━━━ SUPPLIED INFORMATION ━━━

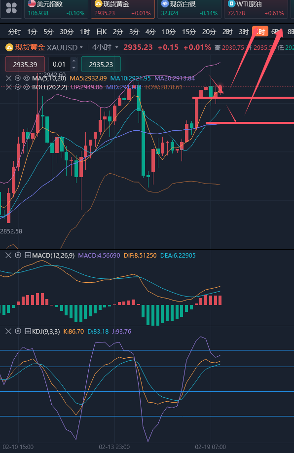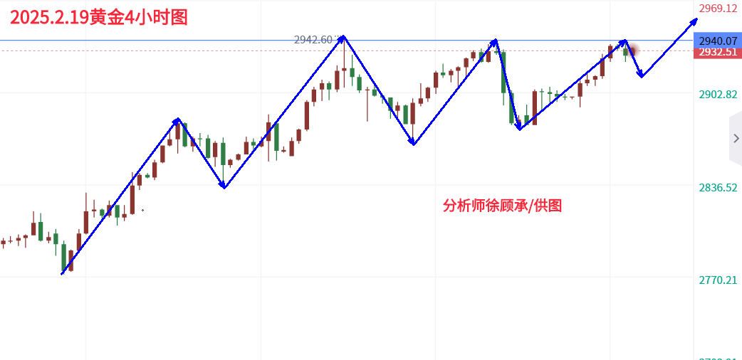 投资犹如下棋,棋艺高者能看出五步,七步甚至十几步,而棋艺低者只能看出两三步,高者顾大局,谋大势,不以一子一地为重,以最终赢棋为目标,低者则寸土必争,只为争一时之需,结果频频受困。所以看趋势,一定要有长远眼光,目光所致,便是你所能拿到的利润,你只能看到的只有眼前5个点,那你便只能拿到5个点的利润,你能看到100个点,那么你能拿到的就是100个点的利润。 ————————消息面 周三(2月19日)现货黄金延续上涨趋势,稳定在历史高位附近,目前交投于于2930美元上方,美国总统特朗普发出新的关税威胁,以及地缘政治不确定性加剧,推动避险需求,本周将等待黄金价格进一步刷新历史高点。市场还关注美俄官员在
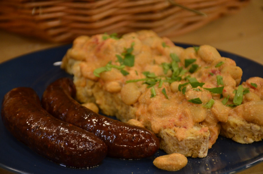 Ispecite kobasice na gril-tiganju. Na tiganju na maslinovom ulju propržite luk, dodajte pasulj pa ostale sastojke. Dinstajte sve sastojke nekoliko minuta, servirajte sa kobasicom, prelijte sokom od limete i pospite peršunom.
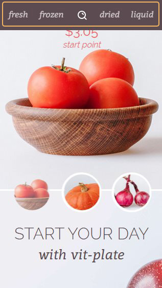 'Fixed top bar for mobile devices' (Fig. 5.3 - [ 4 ]). It is specially crafted navigation for mobile devices to enhance user experience on smaller screens. When space is an issue and scroll can be infinite it might be hard to get back to the main naviagtion. So we granted Foodly theme with a nifty solution that looks like this Figure 5.4 that helps browse main product collections swiftly.
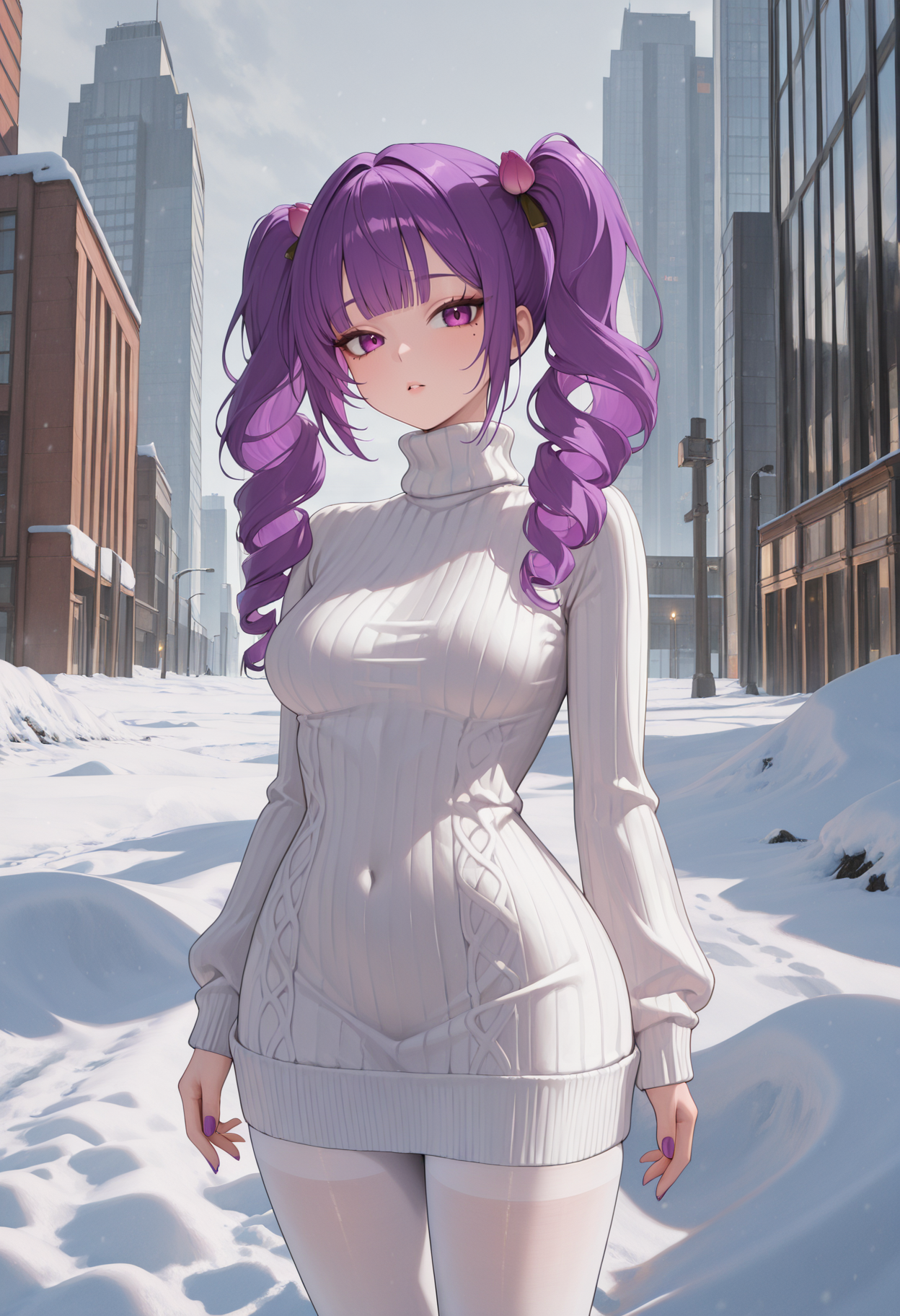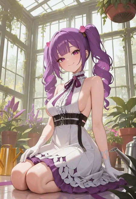 flra, 보라색 눈, 눈 밑 점, 보라색 머리카락, 트윈테일, 드릴 헤어, 드릴 머리, 둔한 앞머리, 옆머리, 긴 머리카락, 머리 장식, 중간 크기 가슴, 목 리본, 보라색 리본, 프릴, 흰색 드레스, 소매 없는 드레스, 중앙 프릴, 벨트, 흰색 장갑
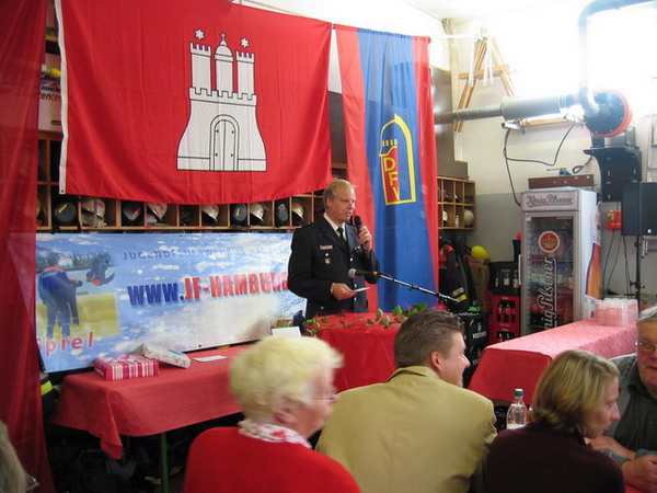 Eröffnet wurde die Feier mit einer kurzen Ansprache von Fabian Keller, Wehrführer der Bergstedter Feuerwehr. Er zeigte hierbei den in der Remise versammelten Gästen kurz den Ablauf bis zur Gründung der JF auf, bevor das Wort an Dr. Schulz übergeben werden sollte. Dieser hob in seiner Rede die Bedeutung der Freiwilligen Feuerwehren Hamburgs in ihren jeweiligen Stadtteilen hervor. Insbesondere ging er dabei auch auf den Stellenwert der Jugendarbeit ein, wie sie mittlerweile bei 60% der Wehren stattfinde.
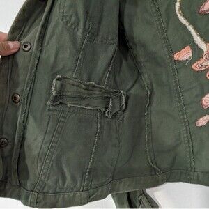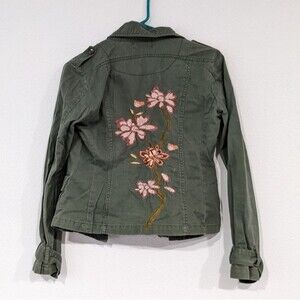 Ashley by 26 International Olive Jacket Embroidered Flowers, Women Small
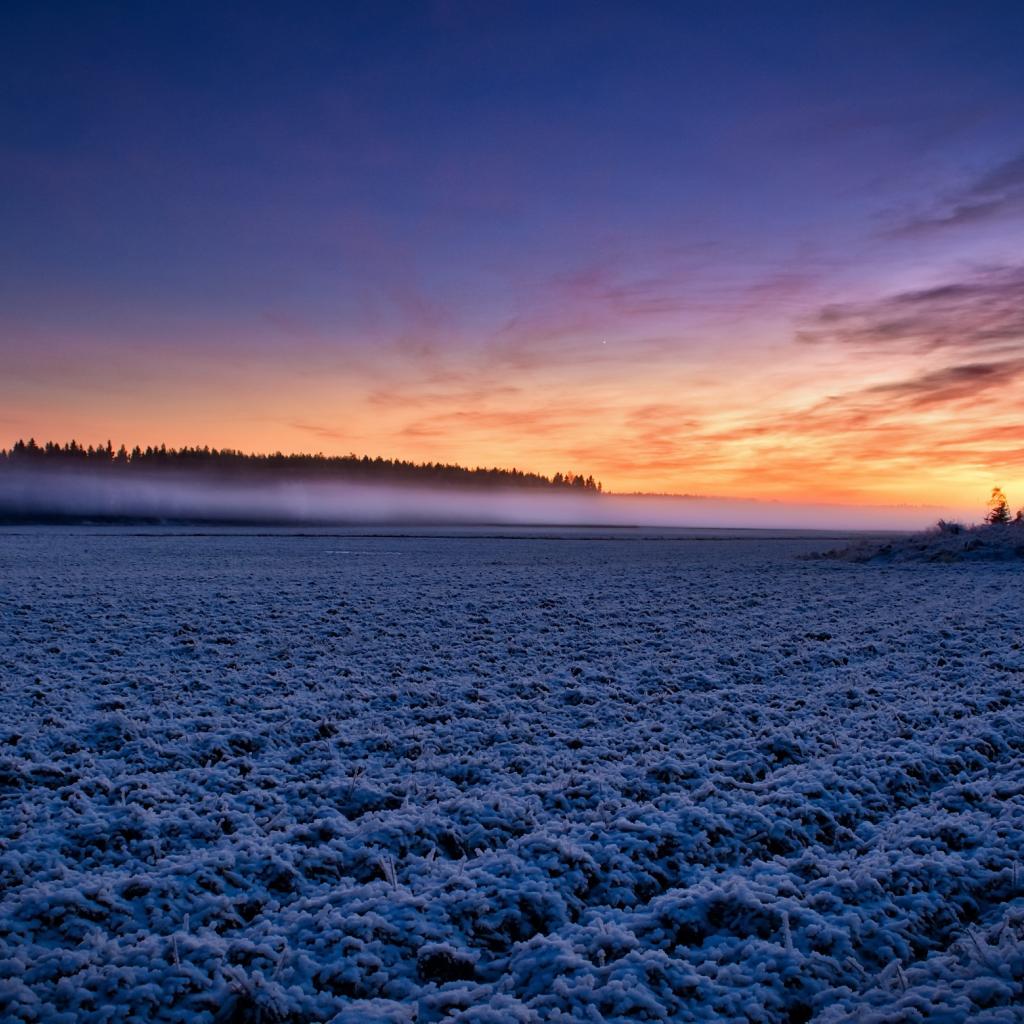 Обои Покрытое имеем поле в тумане на рассвете
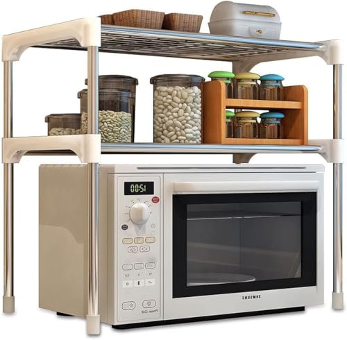 Generic - منظم رفوف الميكروويف للمطبخ متعدد الوظائف من 2 رف لسطح الطاولة ومحطة التوابل والقهوة وتخزين الأجهزة الصغيرة، موفر للمساحة وحديث، 1 قطعة

━━━

• TASK: From the first record to the last, print everything again exactly, without pictures.

• ANSWER AREA:
 投资犹如下棋,棋艺高者能看出五步,七步甚至十几步,而棋艺低者只能看出两三步,高者顾大局,谋大势,不以一子一地为重,以最终赢棋为目标,低者则寸土必争,只为争一时之需,结果频频受困。所以看趋势,一定要有长远眼光,目光所致,便是你所能拿到的利润,你只能看到的只有眼前5个点,那你便只能拿到5个点的利润,你能看到100个点,那么你能拿到的就是100个点的利润。 ————————消息面 周三(2月19日)现货黄金延续上涨趋势,稳定在历史高位附近,目前交投于于2930美元上方,美国总统特朗普发出新的关税威胁,以及地缘政治不确定性加剧,推动避险需求,本周将等待黄金价格进一步刷新历史高点。市场还关注美俄官员在
 Ispecite kobasice na gril-tiganju. Na tiganju na maslinovom ulju propržite luk, dodajte pasulj pa ostale sastojke. Dinstajte sve sastojke nekoliko minuta, servirajte sa kobasicom, prelijte sokom od limete i pospite peršunom.
 'Fixed top bar for mobile devices' (Fig. 5.3 - [ 4 ]). It is specially crafted navigation for mobile devices to enhance user experience on smaller screens. When space is an issue and scroll can be infinite it might be hard to get back to the main naviagtion. So we granted Foodly theme with a nifty solution that looks like this Figure 5.4 that helps browse main product collections swiftly.
 flra, 보라색 눈, 눈 밑 점, 보라색 머리카락, 트윈테일, 드릴 헤어, 드릴 머리, 둔한 앞머리, 옆머리, 긴 머리카락, 머리 장식, 중간 크기 가슴, 목 리본, 보라색 리본, 프릴, 흰색 드레스, 소매 없는 드레스, 중앙 프릴, 벨트, 흰색 장갑
 Eröffnet wurde die Feier mit einer kurzen Ansprache von Fabian Keller, Wehrführer der Bergstedter Feuerwehr. Er zeigte hierbei den in der Remise versammelten Gästen kurz den Ablauf bis zur Gründung der JF auf, bevor das Wort an Dr. Schulz übergeben werden sollte. Dieser hob in seiner Rede die Bedeutung der Freiwilligen Feuerwehren Hamburgs in ihren jeweiligen Stadtteilen hervor. Insbesondere ging er dabei auch auf den Stellenwert der Jugendarbeit ein, wie sie mittlerweile bei 60% der Wehren stattfinde.
 Ashley by 26 International Olive Jacket Embroidered Flowers, Women Small
 Обои Покрытое имеем поле в тумане на рассвете
 Generic - منظم رفوف الميكروويف للمطبخ متعدد الوظائف من 2 رف لسطح الطاولة ومحطة التوابل والقهوة وتخزين الأجهزة الصغيرة، موفر للمساحة وحديث، 1 قطعة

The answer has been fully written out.